### Collection entries
━━━━
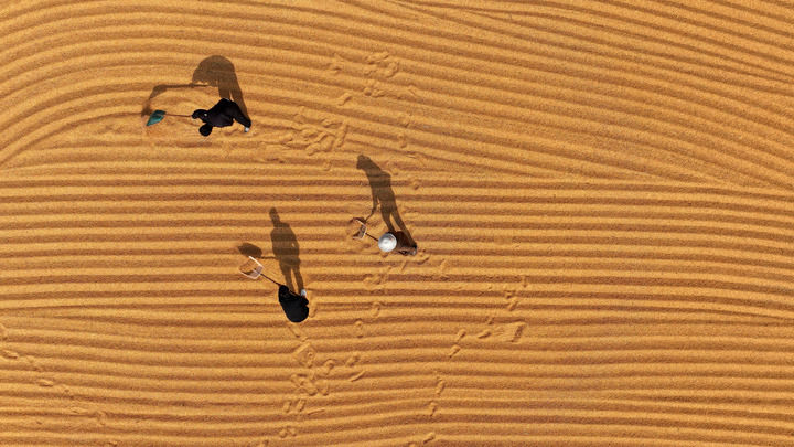 2025年10月28日,在山东省枣庄市市中区税郭镇,农民晾晒收获的玉米(无人机照片)。新华社发(孙中喆 摄)
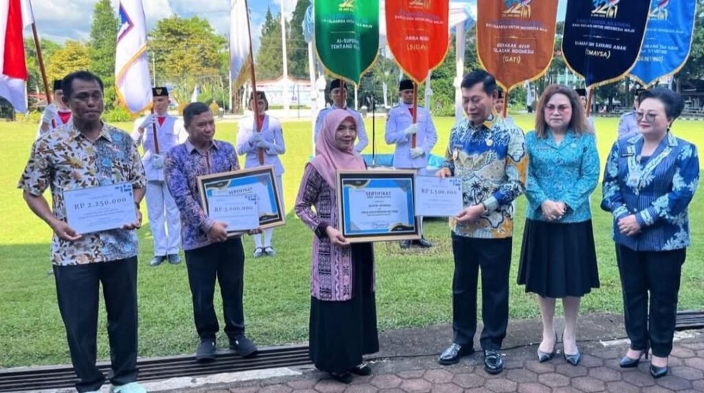 Piagam penghargaan diserahkan langsung oleh Wakil Gubernur Sulut, Victor Mailangkay, kepada Kepala madrasah, Intan Safitri Mokodompit, S.Pd., M.Pd. dalam apel peringatan Hari Keluarga Nasional (HARGANAS) di Lapangan Kantor Gubernur, Jumat, 4 Juli 2025.
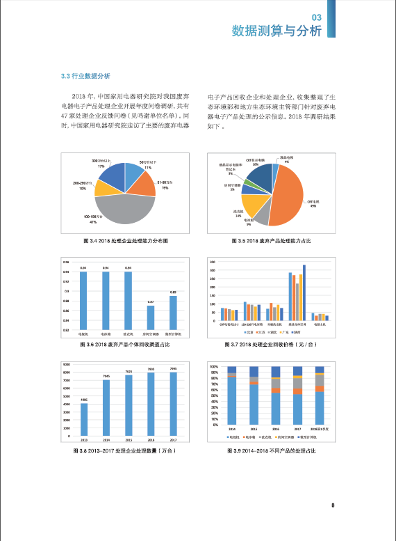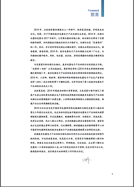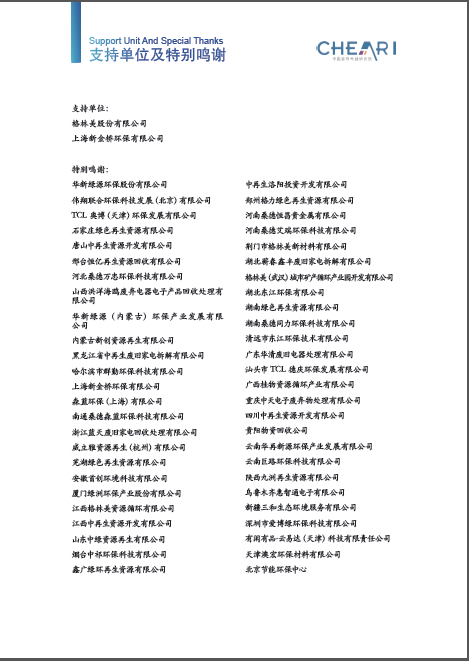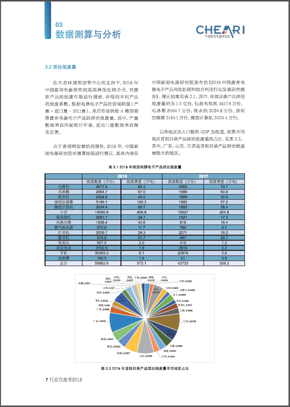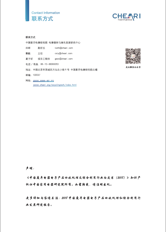 中国家用电器研究院从1998年开始一直为我国废弃电器电子产品回收处理管理政策提供行业技术支持,积累了丰富的专业知识和行业信息。2018行业白皮书是中国家用电器研究院电器循环与绿色发展研究中心推出的第九个年度行业白皮书,2018年行业白皮书的数据来自2018年至2019年初,中国家用电器研究院电器循环与绿色发展研究中心开展的最新行业现场调研与问卷调查。
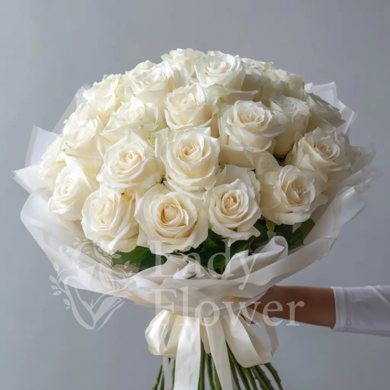 Нежный и лёгкий букет из белых роз, словно облака с каплей утреннего аромата. Прекрасен как подарок для романтических случаев или в качестве комплимента без повода. Сочетает свежесть и деликатность.
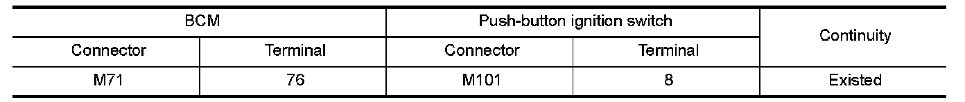 2.Check continuity between BCM harness connector and push-button ignition switch harness connector.
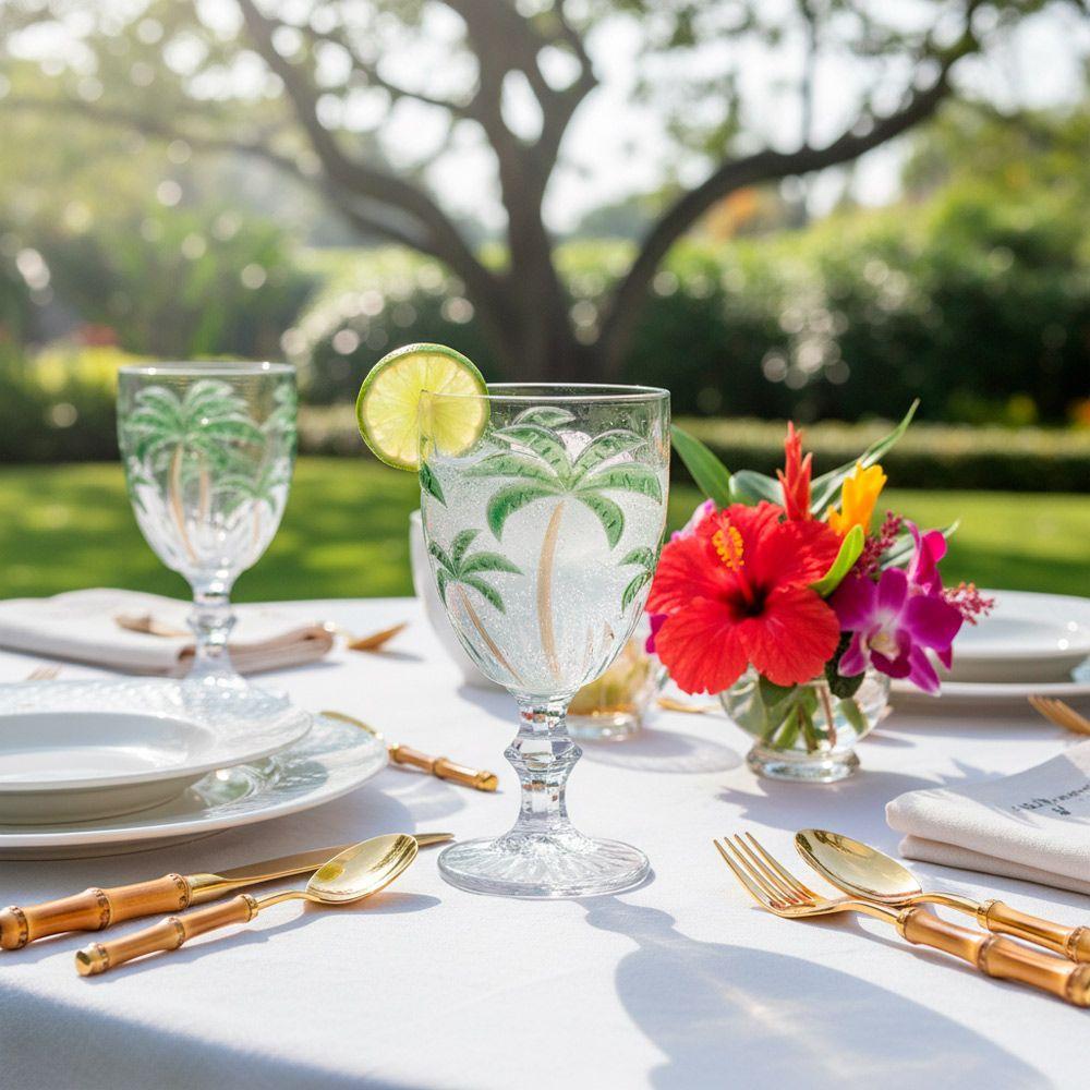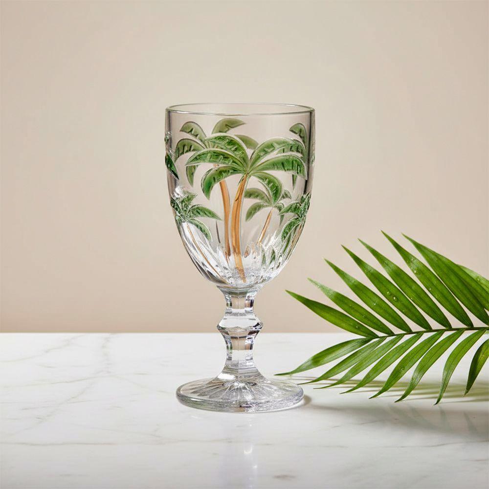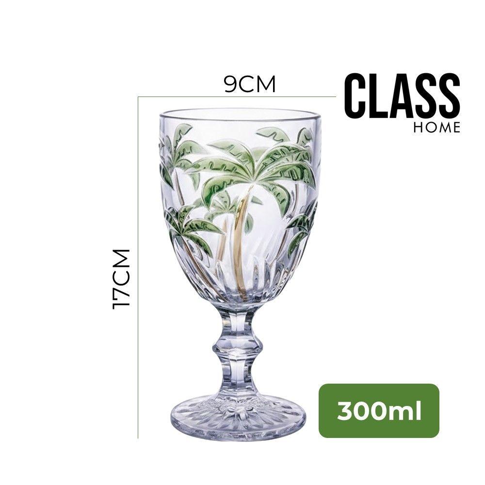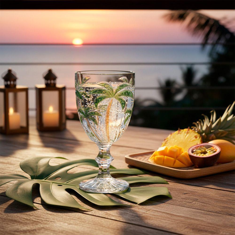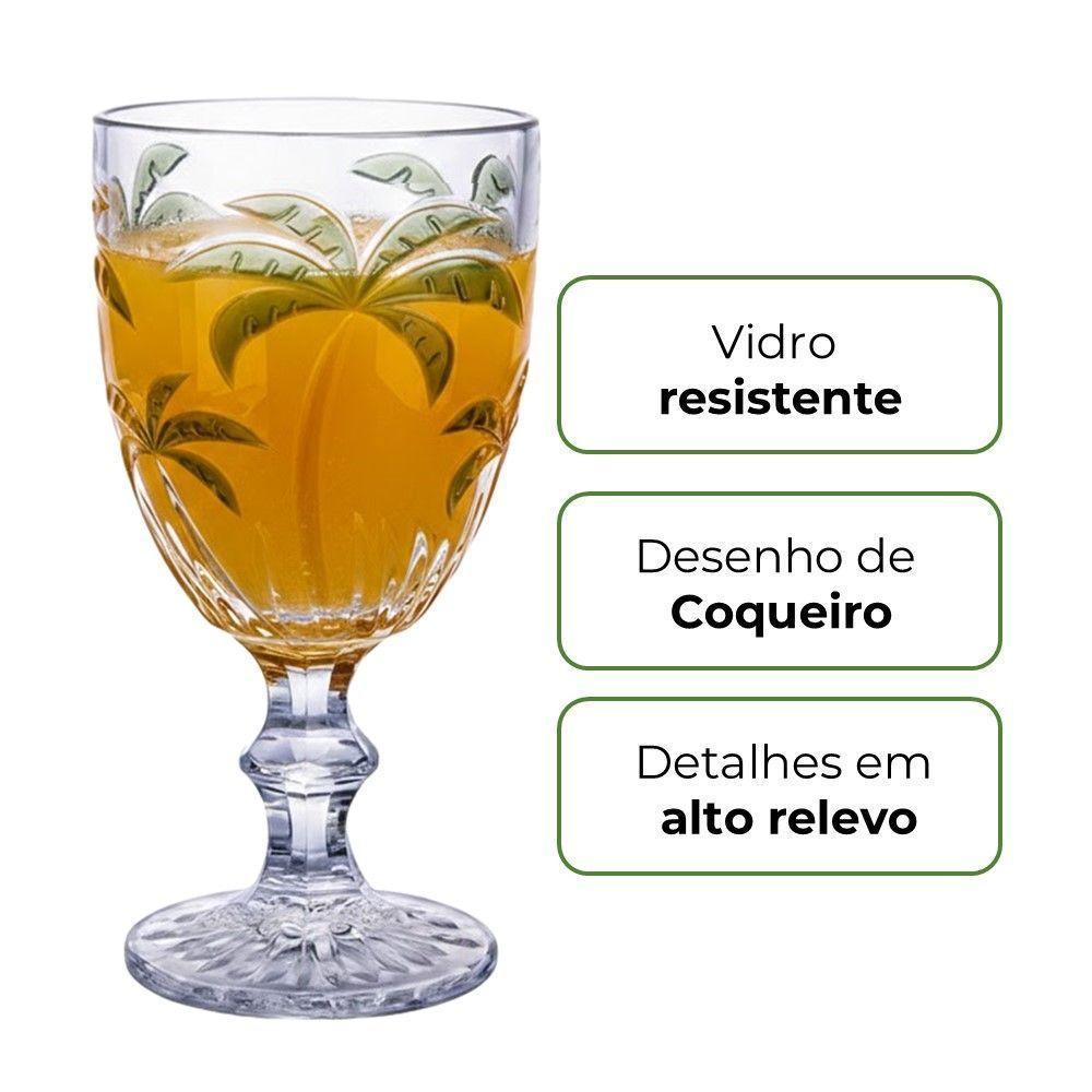 Jogo 12 Taça De Coqueiro Palm Tree Vidro Transparente Com Desenho Palmeira Class Home 300ml
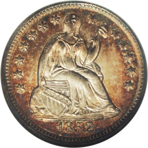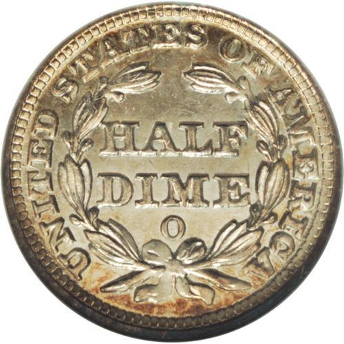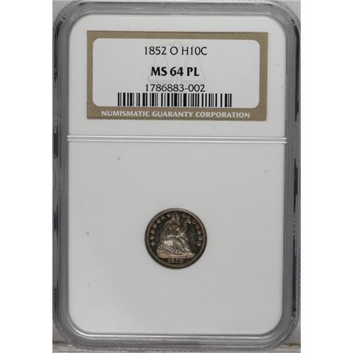<B>1852-O H10C MS64 Prooflike NGC.</B></I> Orange-gold and fire-red encroach upon the frosty seated Liberty. The reverse has russet borders and an untoned center. Liberty's head is soft, but the overall strike is good. A few marks on the right obverse field are consistent with the grade. The present piece is the only 1852-O half dime certified by NGC as Prooflike (2/07).<BR><BR><b>Shipping:</b> Coins & Currency (<a target="_blank" href="http://www.heritageauctions.com/common/shipping.php">view shipping information</a>)
━━━━
### Assignment
Each line from the start of the entries above through the line with "Jogo 12 Taça" should be duplicated exactly, leaving out the pictures.

### Task result
 2025年10月28日,在山东省枣庄市市中区税郭镇,农民晾晒收获的玉米(无人机照片)。新华社发(孙中喆 摄)
 Piagam penghargaan diserahkan langsung oleh Wakil Gubernur Sulut, Victor Mailangkay, kepada Kepala madrasah, Intan Safitri Mokodompit, S.Pd., M.Pd. dalam apel peringatan Hari Keluarga Nasional (HARGANAS) di Lapangan Kantor Gubernur, Jumat, 4 Juli 2025.
 中国家用电器研究院从1998年开始一直为我国废弃电器电子产品回收处理管理政策提供行业技术支持,积累了丰富的专业知识和行业信息。2018行业白皮书是中国家用电器研究院电器循环与绿色发展研究中心推出的第九个年度行业白皮书,2018年行业白皮书的数据来自2018年至2019年初,中国家用电器研究院电器循环与绿色发展研究中心开展的最新行业现场调研与问卷调查。
 Нежный и лёгкий букет из белых роз, словно облака с каплей утреннего аромата. Прекрасен как подарок для романтических случаев или в качестве комплимента без повода. Сочетает свежесть и деликатность.
 2.Check continuity between BCM harness connector and push-button ignition switch harness connector.
 Jogo 12 Taça De Coqueiro Palm Tree Vidro Transparente Com Desenho Palmeira Class Home 300ml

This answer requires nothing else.